Starting today, Android device owners can begin testing live speech translation in the Google Translate app, which now relies on Gemini. The AI makes text translations sound more natural and nuanced than before.

Users can receive live translations of conversations, speeches, TV shows, and movies by opening the Google Translate app and syncing their device with any pair of headphones. Gemini attempts to preserve the speaker's tone, emphasis, and cadence. Both live and text translations can also localize idioms instead of translating them literally.

The beta is currently available on Android devices in the US, Mexico, and India. It supports over 70 languages, including English, Spanish, German, French, Russian, Ukrainian, Chinese, Japanese, Korean, standard Arabic, Palestinian Arabic, Hindi, Urdu, Zulu, and many more. Support for iOS and more countries is coming next year.

Meanwhile, Gemini-powered text translations are now available in the US and India and support 20 languages, including Spanish, Hindi, Chinese, Japanese, and German. Users can try them on the Android and iOS apps, as well as on the web.
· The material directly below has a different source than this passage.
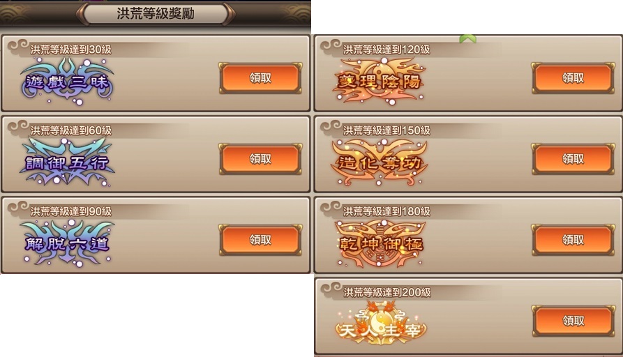 當洪荒等級達指定等級,可獲得洪荒稱號獎勵:

Google's live translation closely resembles a feature Apple introduced with iOS 26 in June. Users with iPhones that support Apple Intelligence can receive live translations of text and verbal conversations. However, live audio translations support only a few AirPods models and only in Mandarin Chinese, English, French, German, Italian, Japanese, Korean, Portuguese, and European Spanish.

The difference in functionality likely reflects Google's aggressive investment in Gemini, which is quickly catching up to ChatGPT's user base. OpenAI recently pivoted its feature roadmap to focus on countering Google's progress. By comparison, Apple Intelligence is a latecomer to the AI battle and still relies on external models such as GPT. Google Translate's maturity compared to Apple's rival also helps explain Gemini's broader language support.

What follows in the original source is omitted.